Parmi tous les points que nous n’avons pas pu évoquer nous nous assurons en partant que la situation des
médecins inspecteurs est bien à son agenda. La prochaine fois il faudra aussi aborder les questions des agents et
missions qui relèvent de la DGT au-delà des seuls agents de contrôle en section (administration centrale,
ingénieurs de prévention et autres agents des pôles T en UT et UR).
Au total, il est possible qu’il y ait, au 13° étage de la Tour Mirabeau, un peu plus d’écoute que précédemment
(sauf sur la réforme Sapin, vrai sujet de fond, ce qui rend dubitatif), mais il reste à vérifier, dans la pratique, que
cela va au-delà de la déclaration d’intention.
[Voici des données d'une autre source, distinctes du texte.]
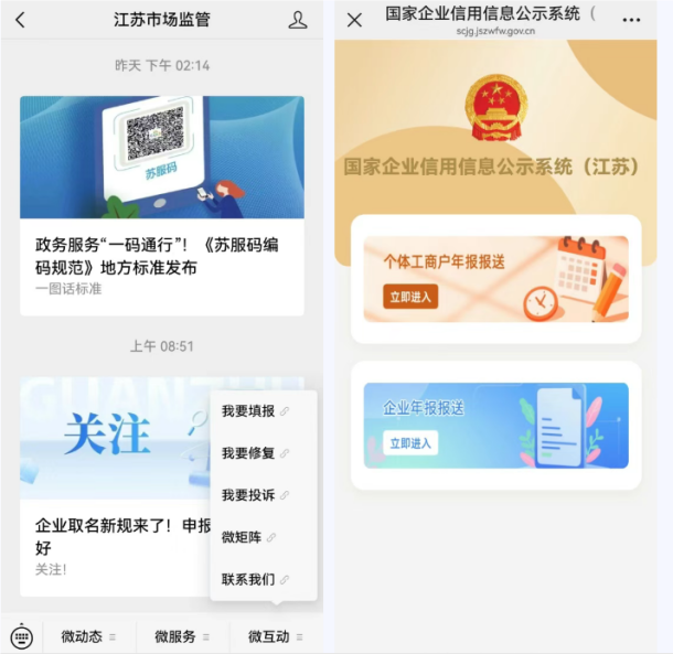 2.移动端:关注“江苏市场监管”公众号,点击“微互动”中的“我要填报”。
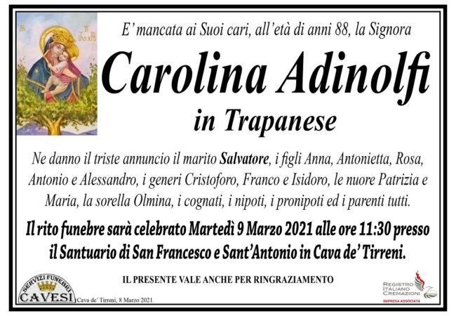 E’ mancata ai Suoi cari, all’età di anni 88, la Signora Carolina Adinolfi in Trapanese.
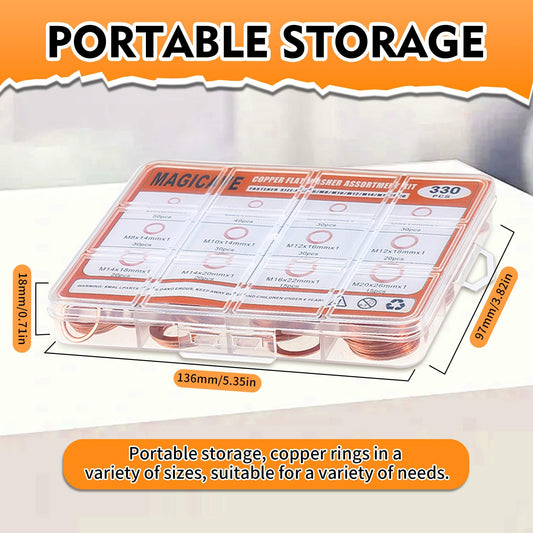 330 Pcs Copper Washers Assortment Kit – 12 Sizes Flat Sealing Crush Washers (M5-M20) for Automotive, Plumbing, and Mechanical Use
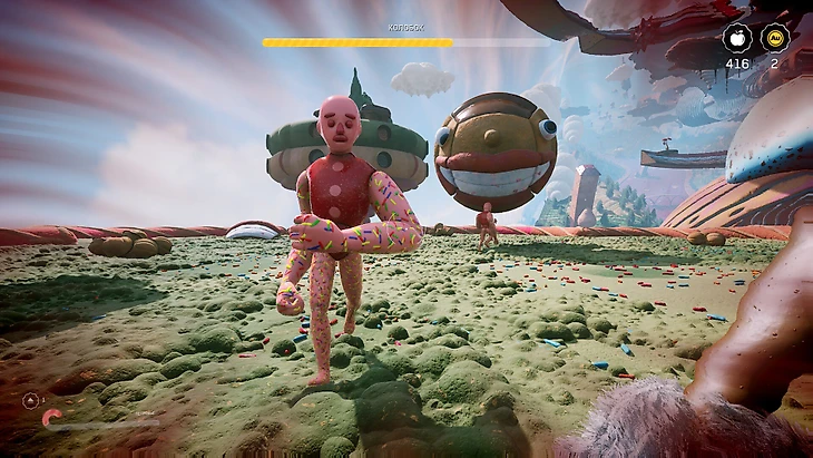 Сюрреалистический Колобок висит над ареной и сам по себе опасности не представляет. Главное, не подходите к нему – иначе получите урон.

Nous devons continuer à être exigeants et vigilants.
Nous incitons les agents à faire de même. Au-delà de celle du ministre, certaines têtes de notre administration
viennent de changer. Les nouvelles équipes, en phase d’installation, ont tendance à exhiber les œillères
laissées par leurs prédécesseurs. Pour elles, le sillon amorcé ne doit pas dévier, elles s’attachent à rester dans
une trace qui, en fait, pourrait s’avérer être une ornière. Il nous appartient à tous de leur expliquer qu’on va
droit dans le mur à poursuivre ainsi sans un minimum de réflexion et de remise en cause. C’est la condition
sine qua non d’une sortie collective de l’impasse du dialogue dans laquelle nous sommes embourbés.